3. The defined term “Termination Date” contained in Section 1.01 of the Credit Agreement is hereby amended by replacing the date “January 5, 2016” contained therein with the date “January 3, 2017”.

4. The last sentence of Section 2.06(a) of the Credit Agreement is hereby amended and restated as follows:

Accrued and unpaid interest on each Base Rate Loan shall be payable (i) in the case of interest accrued during a calendar month, on the fifteenth (15th) day of the immediately succeeding calendar month, and (ii) on the Termination Date.

5. The last sentence of Section 2.06(b) of the Credit Agreement is hereby amended and restated as follows:

Accrued and unpaid interest on each LIBOR Loan shall be payable on the last day of the Interest Period therefor, and on the Termination Date.

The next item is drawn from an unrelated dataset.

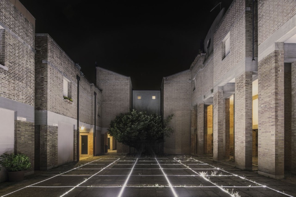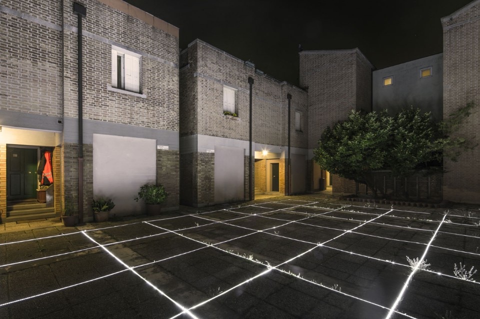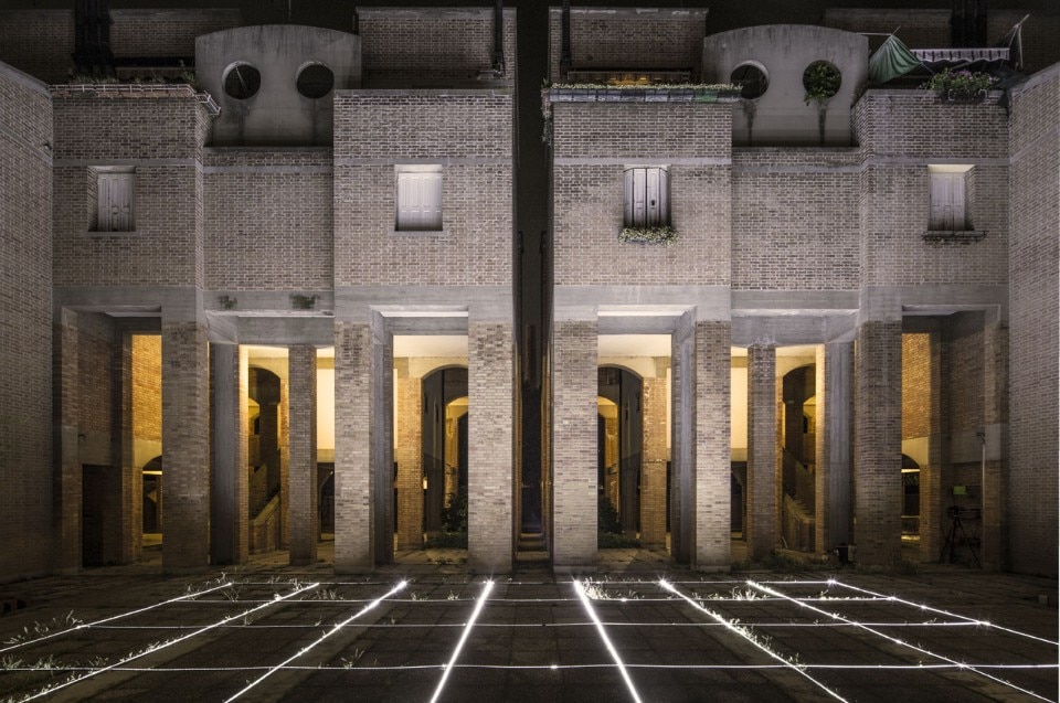 Boano Prišmontas brought a magical and evocative atmosphere in a local working-class campiello (square) of Venice, within the Unfolding Pavilion. Gino Valle relied on a spatial grid of 165x165cm to regulate all spatial relations of Giudecca’s Social Housing complex. The installation aims to exhibit the process of abstraction and rational control over the space that happens in the architect’s mind.

6. Section 2.07(a) of the Credit Agreement is hereby amended by (i) replacing the phrase “at the rate of 0.15% per annum” contained therein with the phrase “at the Commitment Fee Rate” and (ii) replacing the last two sentences contained therein with the sentence “Commitment fees accrued during each calendar quarter shall be due and payable in arrears on the fifteenth day of the calendar month immediately succeeding such calendar quarter and on the Termination Date.”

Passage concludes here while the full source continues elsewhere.